If you don't want to remove introductory text, you can alternatively create a Named Range that contains just the data. When opening Excel workbooks in Tableau, you can connect to an entire sheet or a named range within a sheet.
In Excel:
Step 1
Select the data.
Step 2
On the Formulas tab, in the Defined Names section, select Define Name.
Step 3
In the New Name dialog box, in the Name text box, Excel offers a name based on the content of the top left cell of the selected data range. Keep this name.
Step 4
In the Scope list, select Sheet1.
Step 5
When finished, click OK.
In Tableau:
Your named range is offered as a table when you connect to the Excel workbook.
Make sure each row contains only one piece of data
This example shows an Excel table that lists students and their grades in three subjects. In a crosstab layout, you have a column for each subject. In this table, each row contains three pieces of data: the student's grade in Math, grade in English, and grade in Science.
ID | Gender | School | Math | English | Science |
1 | M | West | 90 | 80 | 70 |
2 | F | South | 50 | 50 | 50 |
3 | M | Central | 90 | 80 | 90 |
4 | M | Central | 50 | 80 | 80 |
5 | M | West | 100 | 90 | 100 |
6 | F | West | 80 | 80 | 60 |
7 | F | South | 50 | 80 | 100 |
8 | F | Central | 80 | 50 | 100 |
9 | M | South | 70 | 80 | 80 |
Replace the columns Math, English, and Science with a single column: Subject. Now the table contains three rows for each student, but each row contains only one grade.

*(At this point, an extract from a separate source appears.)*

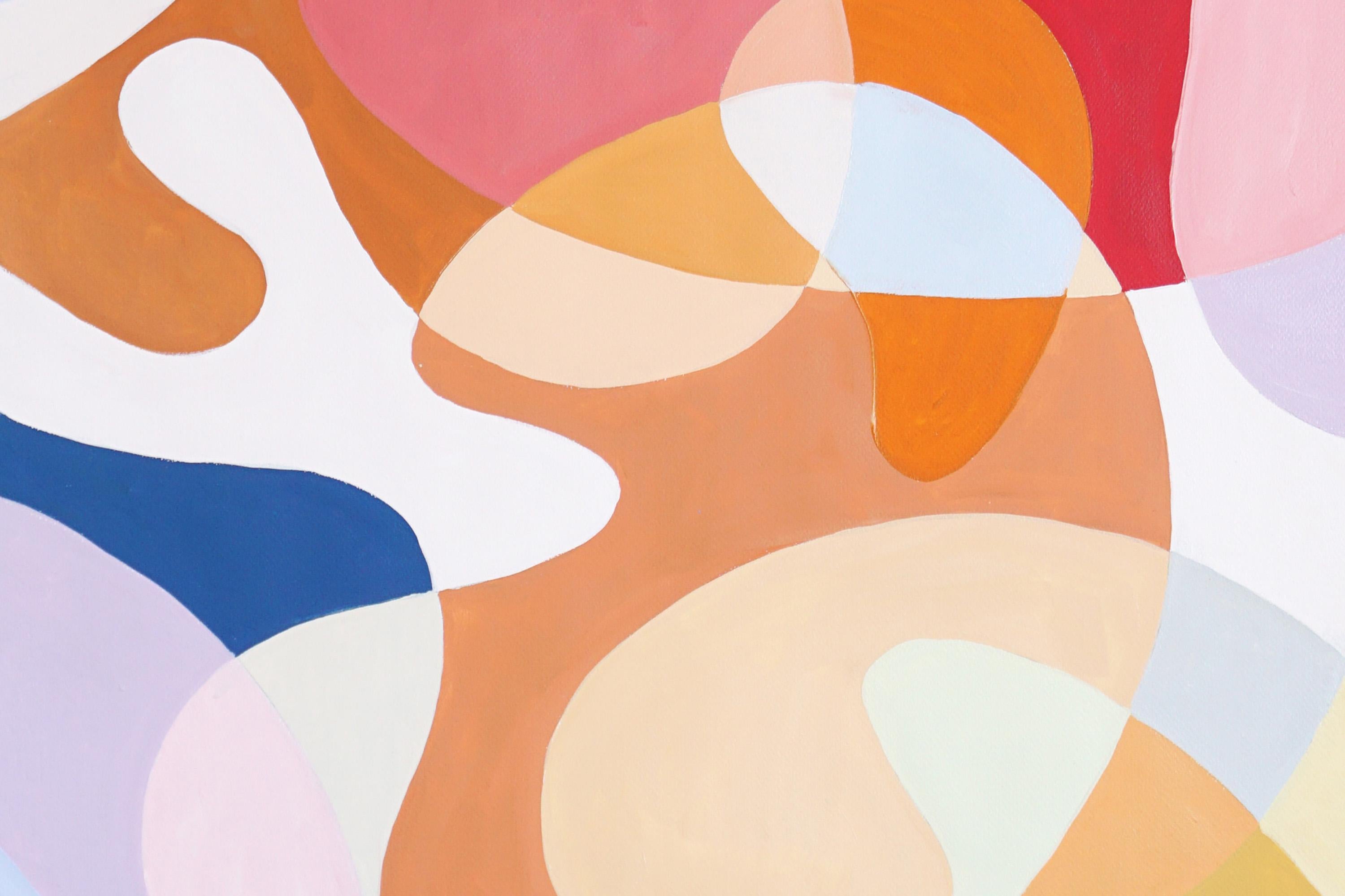 This abstract geometric acrylic painting is a vibrant and playful composition that draws inspiration from vintage Italian parasols. With a focus on bold, bright colors and clean line...

ID | Gender | School | Subject | Score |
1 | M | West | Math | 90 |
1 | M | West | English | 80 |
1 | M | West | Science | 70 |
2 | F | South | Math | 50 |
2 | F | South | English | 50 |
2 | F | South | Science | 50 |
3 | M | Central | Math | 90 |
3 | M | Central | English | 80 |
3 | M | Central | Science | 90 |
4 | M | Central | Math | 50 |
4 | M | Central | English | 80 |
4 | M | Central | Science | 80 |
5 | M | West | Math | 100 |
5 | M | West | English | 90 |
5 | M | West | Science | 100 |
6 | F | West | Math | 80 |
6 | F | West | English | 80 |
6 | F | West | Science | 60 |
7 | F | South | Math | 50 |
7 | F | South | English | 80 |
7 | F | South | Science | 100 |
8 | F | Central | Math | 80 |
8 | F | Central | English | 50 |
8 | F | Central | Science | 100 |
9 | M | South | Math | 70 |
9 | M | South | English | 80 |
9 | M | South | Science | 80 |
Limit headers to a single row
Not only should the first row contain your field headers, but also this should be the only row of headers. If you have headers that include some type of "categorical" breakdown above them, create a new column that contains the category.
In this example, East is removed as a categorical header, and a new column, Region, is added to the table.
Fill blank cells
If you have created a new column for categories, make sure to fill the blank cells so that the information is repeated for each row of data, not just the first occurrence. While this seems redundant, it is important that each record (or row) has data across all the columns.
Clean up aggregated and descriptive data
Make sure to remove the rows that do not contain raw data records. For example, an Excel report may have rows that contain descriptive information and Grand Totals rows. You can easily add totals in Tableau and do not need to calculate them in your data source.
Delete blank rows and duplicate headers
Remove any blank rows and rows that contain duplicate headers.
Add missing headers
If any column does not have a title, make sure to add one. Be descriptive when writing your column headers.
Reshape the entire structure of your Excel data using Tableau's Excel Reshaper Plug-in
Even if you have followed all the suggestions shown above, you may still have data in a format that is not ideal for Tableau, purely from an analytic perspective. For example, you may still have a column for each month of business data, which Tableau interprets as separate columns, making month-to-month comparisons difficult.
You can use the Tableau plug-in for Excel to reshape your data. You still need to follow any/all of the steps in this article. Download the plug-in from the Installing the Tableau Add-in for Reshaping Data in Excel knowledge base article.